But now I’m basically held hostage to spend time/money on fixing an issue or at least unnecessary effort restructuring a script to work around one device that sometimes doesn’t work right for seemingly no good reason. And in my experience, the moment I do that, something else chooses to go on strike, and it’s a never ending merry go round of moving things around when in reality I couldn’t care if one thing occasionally failed…

MaloW · August 29, 2024, 9:43am

+1, out of my roughly 100 automations I would really only want 1 or 2 to stop running if it encounters an error, continue_on_error should absolutely be the default behavior, with a stop_on_error option instead.

dzerovibe · September 12, 2024, 3:13am

+1 for Continue on Error. I just got bitten by this again last night when an automation failed due to a single Zigbee device being unavailable. I wish there was a way to allow continuing on errors by default. In my case, I would probably want this for 99% of my automations.

jurgenweber · October 21, 2024, 10:21pm

I agree with this ,but the problem I face is sometimes my internet goes down… and I basically have to put ‘continue_on_error’ which involves anything with a cloud integration.

a “ignore this step when there is no internet because my cloud integration won’t work” would be rad.

SphtKr · October 25, 2024, 12:23pm

Understand not wanting to make this the global default–or even not wanting to make it possible to change it to be globally on.

But, being able to ignore errors for a whole script is definitely worth doing. And being able to set it via the GUI per script block is definitely needed.

And here’s another middle-ground suggestion: a “wrapper” block similar to “if else” that works like “try catch”, so anything within the “try” block is “continue_on_error: true”. This could have an option to jump to the “catch” block on the first error sequentially, or treat every block as “continue_on_error: true” and only execute the “catch” block if any errors occurred (perhaps some variable provided to the “catch” block would contain the first error… Traces would ideally show any errors that occurred.

My use-case: I have almost 100 Z-wave devices, and I have a few scripts that turn everything in the house off or down at night or when leaving the house. Statistically, the odds of any device missing the message grows very high, even with a fairly healthy network. At the moment something in zwave-js’s retry strategy seems to have changed so I am more often getting ZW202 failures with only 1 try (I can’t find where to change this)… so my script that shuts everything off and arms the alarm fails quite often.
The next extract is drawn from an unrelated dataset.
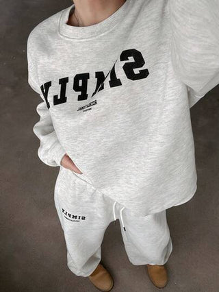 طقم حريمي قطعتين DAZY مجموعة من 2 قطعة قميص ثقيل رياضي نسائي بخياطة ملساء وقلنسوة ذات رقبة مستديرة، وقميص رياضي مطبوع عليه حرف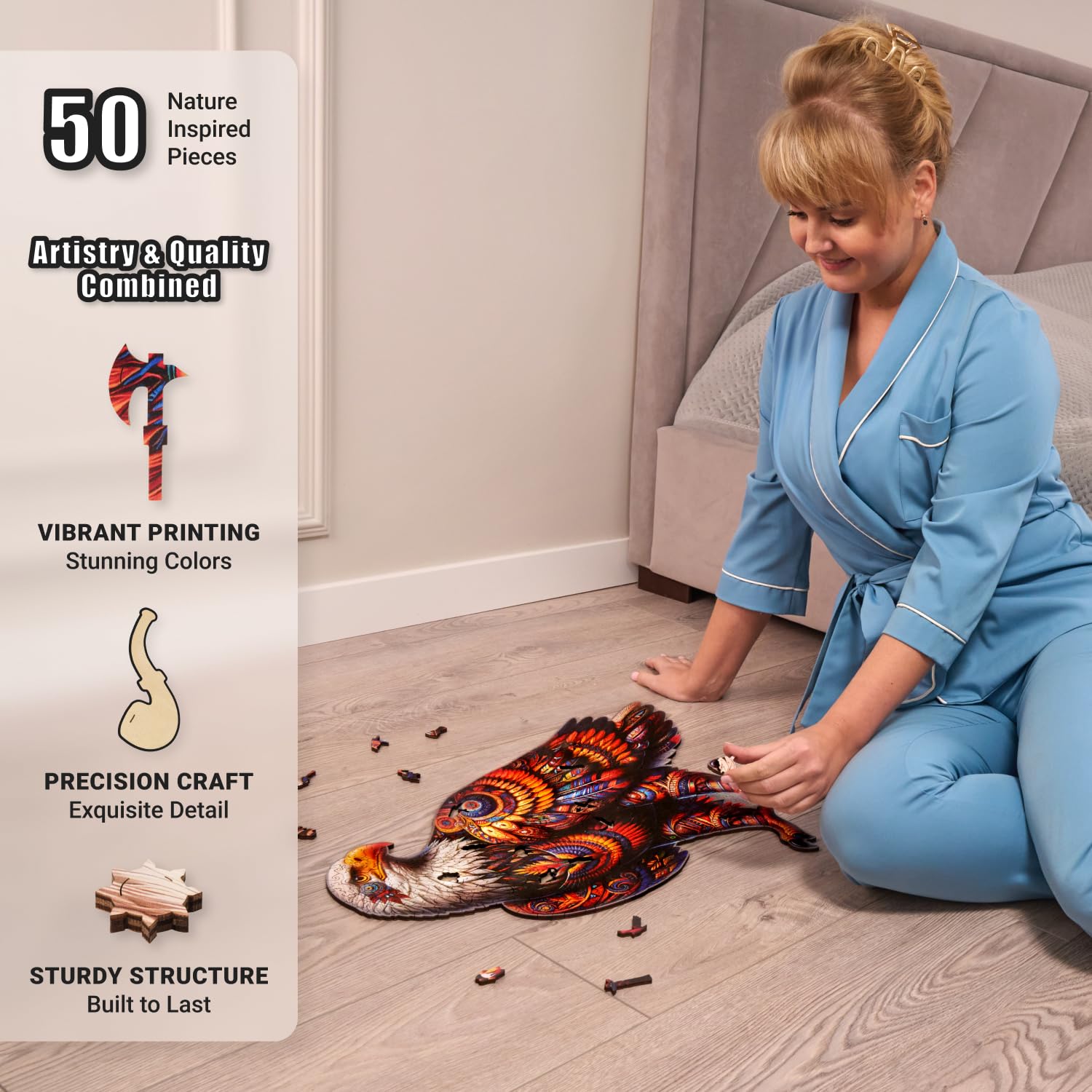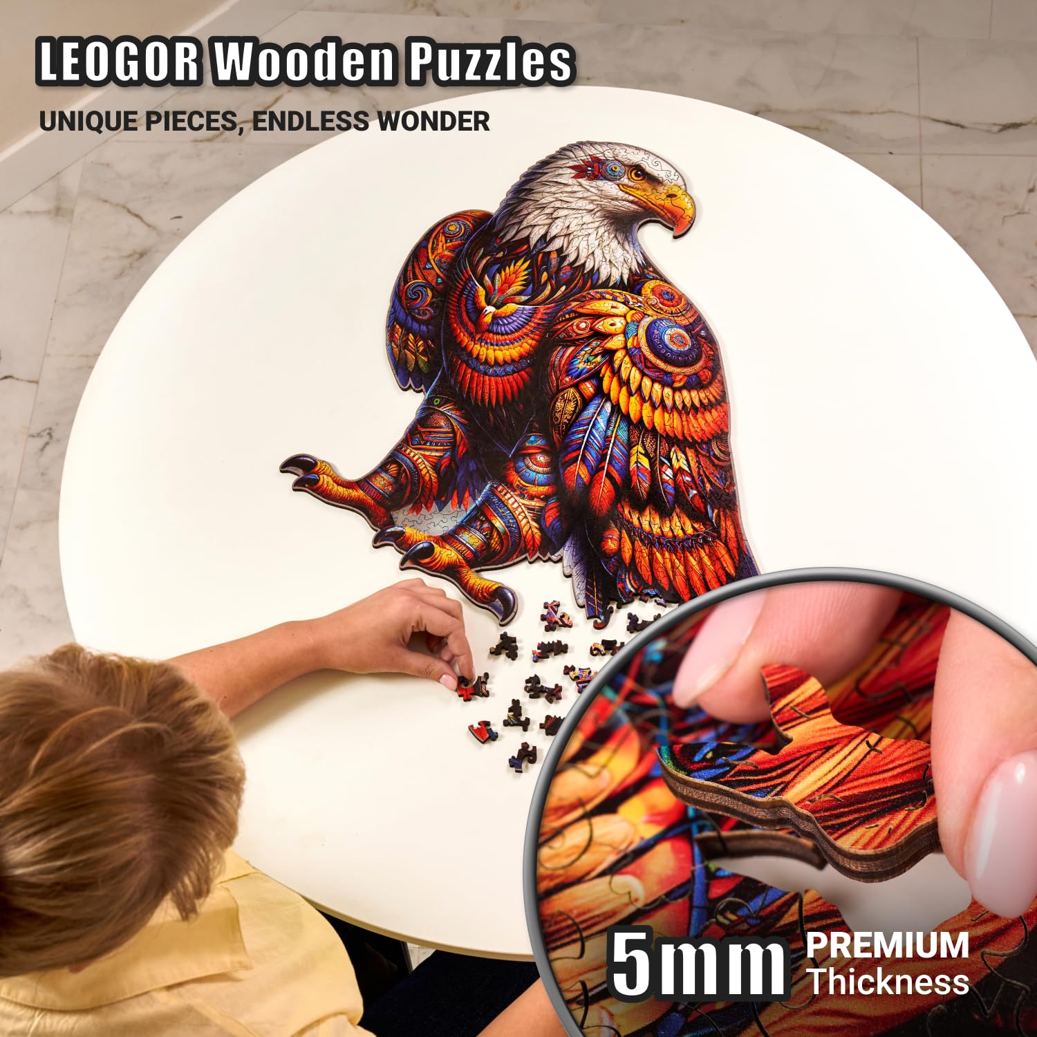 Vivid Eagle Odyssey - 500 Piece Wooden Puzzles for mature-themeds - 20.7 x 20 in - Extra-Thick 5 mm Wood Puzzle Hand-Shaped Pieces Iconic Bird XL Mosaic Design - enhanced Gift for Puzzle Lovers by LEOGOR

Complicating matters, this script is actually turning off several group helpers, so it is not at all obvious which device is failing from the Traces.

EDIT: Forgot to mention that the fact that adding “continue_on_error: true” to the YAML breaks GUI editing for every block it’s applied to is a BIG downer and big step backward in usability…hence why I say GUI support for that is “definitely needed”. Looks like this is maybe in the back of the devs’ minds, because a little icon appears in the editor when it’s enabled… still.

AJolly · October 27, 2024, 7:12pm

I can’t even get continue on error to work reliably for me.

That being said, if you want continue as error everywhere:
python_scripts/update_continue_on_error.py

import yaml
import sys
import os
from datetime import datetime
from shutil import copy2
from typing import Any, Dict, List

def add_continue_on_error(data: Any) -> Any:
    if isinstance(data, dict):
        if 'action' in data:
            if isinstance(data['action'], list):
                for action in data['action']:
                    if isinstance(action, dict) and 'continue_on_error' not in action:
                        action['continue_on_error'] = True
            elif isinstance(data['action'], dict) and 'continue_on_error' not in data['action']:
                data['action']['continue_on_error'] = True
        else:
            for key, value in data.items():
                data[key] = add_continue_on_error(value)
    elif isinstance(data, list):
        return [add_continue_on_error(item) for item in data]
    return data

def represent_none(self, _):
    return self.represent_scalar('tag:yaml.org,2002:null', '')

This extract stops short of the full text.